══ Information ══

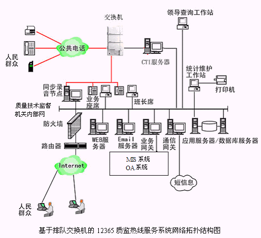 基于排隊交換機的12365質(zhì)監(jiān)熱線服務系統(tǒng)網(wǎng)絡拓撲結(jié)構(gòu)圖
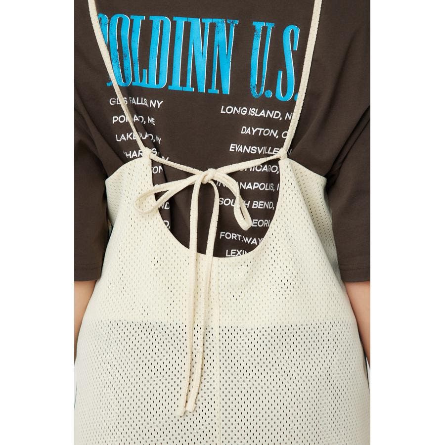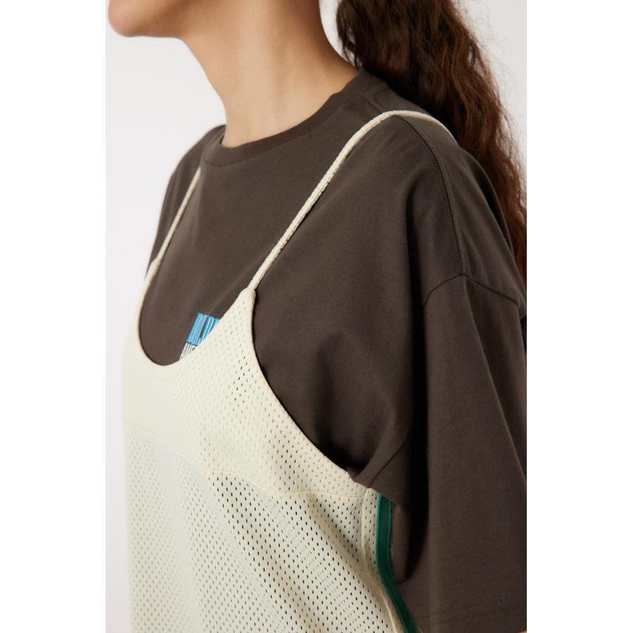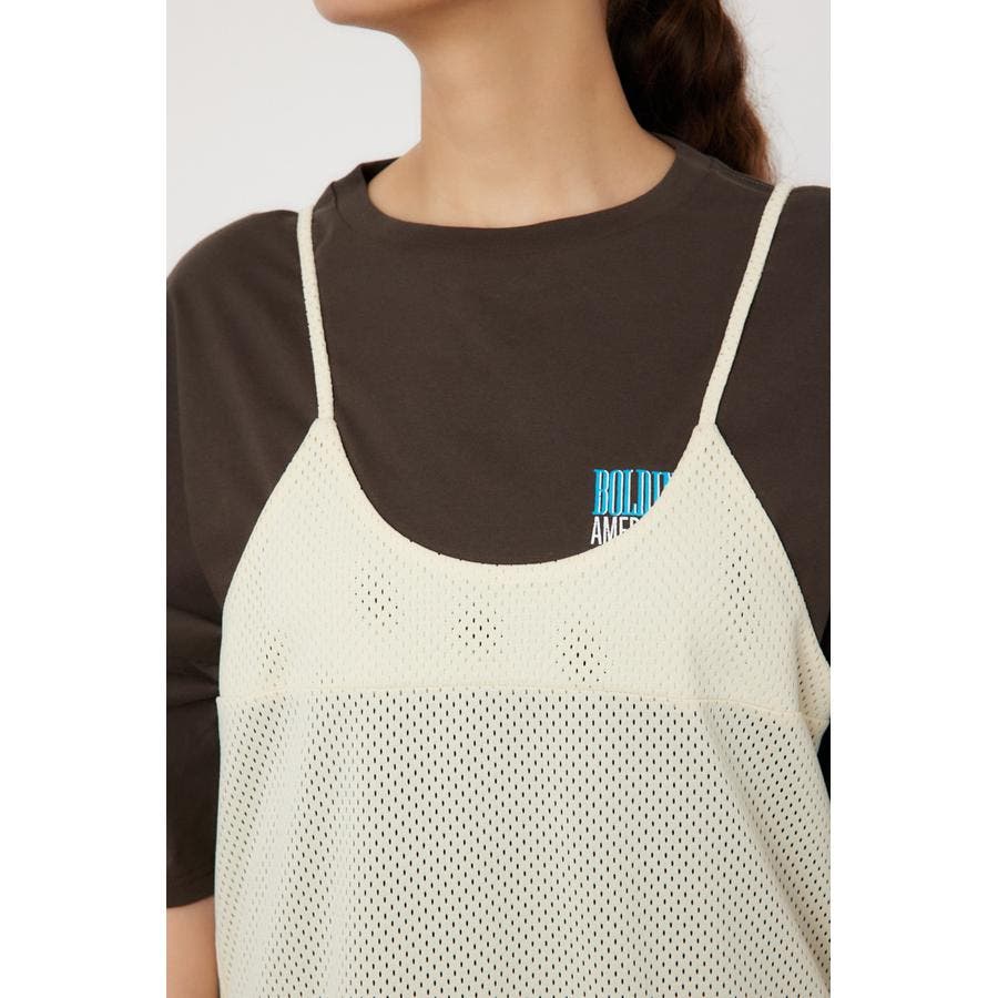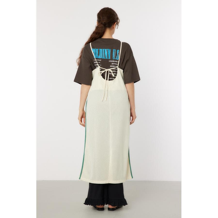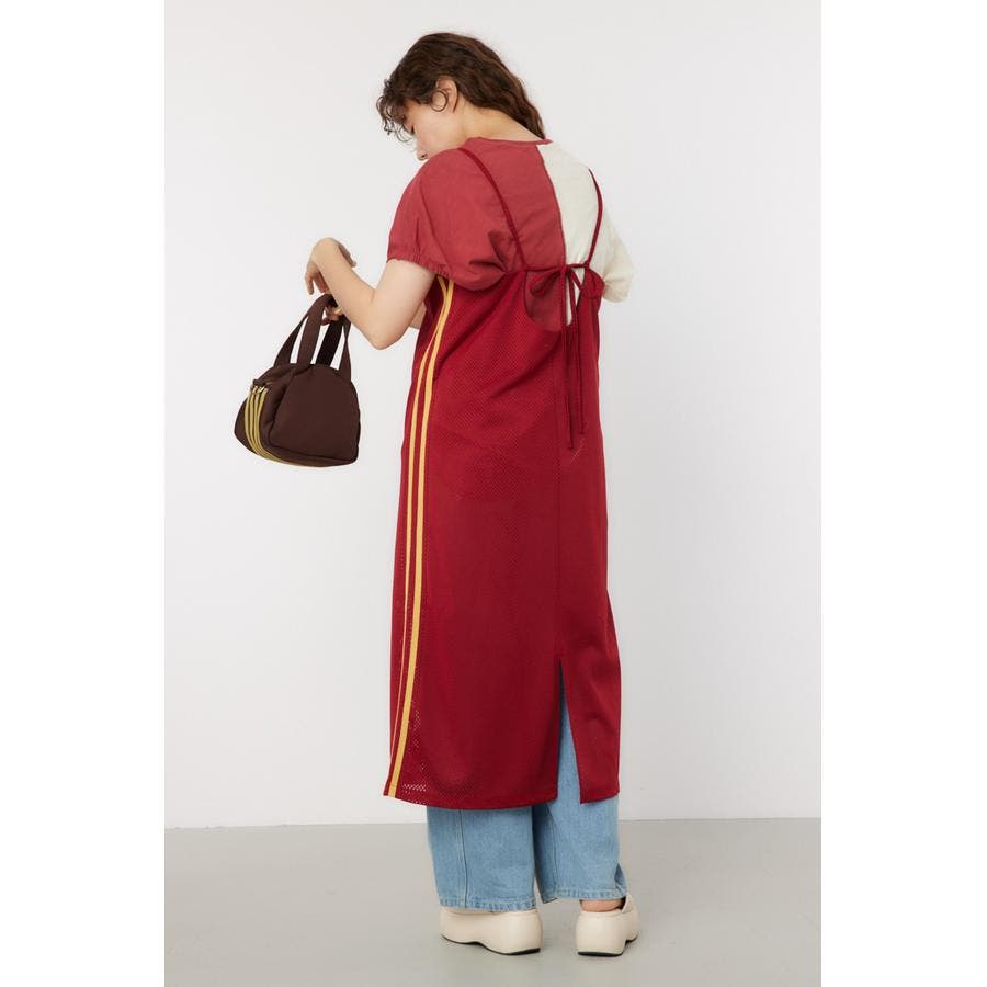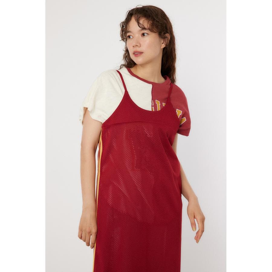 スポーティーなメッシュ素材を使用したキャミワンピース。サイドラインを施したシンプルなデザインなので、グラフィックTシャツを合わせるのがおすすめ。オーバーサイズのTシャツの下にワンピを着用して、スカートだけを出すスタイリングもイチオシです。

═══
══ Information ══

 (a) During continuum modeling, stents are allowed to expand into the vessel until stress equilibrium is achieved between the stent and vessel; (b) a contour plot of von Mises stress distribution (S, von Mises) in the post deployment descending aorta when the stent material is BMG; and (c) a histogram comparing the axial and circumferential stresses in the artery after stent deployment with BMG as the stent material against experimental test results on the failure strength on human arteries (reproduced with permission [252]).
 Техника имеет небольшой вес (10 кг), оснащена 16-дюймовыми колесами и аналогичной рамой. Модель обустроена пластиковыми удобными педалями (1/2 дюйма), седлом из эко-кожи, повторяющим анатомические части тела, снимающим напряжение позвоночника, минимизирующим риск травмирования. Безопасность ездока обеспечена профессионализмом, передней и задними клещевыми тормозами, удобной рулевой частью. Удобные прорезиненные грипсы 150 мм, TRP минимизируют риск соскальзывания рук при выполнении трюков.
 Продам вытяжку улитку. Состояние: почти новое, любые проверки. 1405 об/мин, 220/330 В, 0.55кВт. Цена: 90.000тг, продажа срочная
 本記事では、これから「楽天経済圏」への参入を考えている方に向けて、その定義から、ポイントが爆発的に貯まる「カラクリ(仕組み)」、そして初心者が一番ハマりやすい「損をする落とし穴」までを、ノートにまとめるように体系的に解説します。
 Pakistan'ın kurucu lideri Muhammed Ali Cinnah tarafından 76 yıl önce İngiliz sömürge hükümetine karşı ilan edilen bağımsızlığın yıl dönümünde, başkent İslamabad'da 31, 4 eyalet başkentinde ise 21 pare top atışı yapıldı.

═══

— What you need to do —
Print nothing but the lines above starting with the line that contains "基于排隊交換機的12365質" and going on through the line that contains "スポーティーなメッシュ素材を". Leave out the pictures.

— Answer section —
 基于排隊交換機的12365質(zhì)監(jiān)熱線服務系統(tǒng)網(wǎng)絡拓撲結(jié)構(gòu)圖
 スポーティーなメッシュ素材を使用したキャミワンピース。サイドラインを施したシンプルなデザインなので、グラフィックTシャツを合わせるのがおすすめ。オーバーサイズのTシャツの下にワンピを着用して、スカートだけを出すスタイリングもイチオシです。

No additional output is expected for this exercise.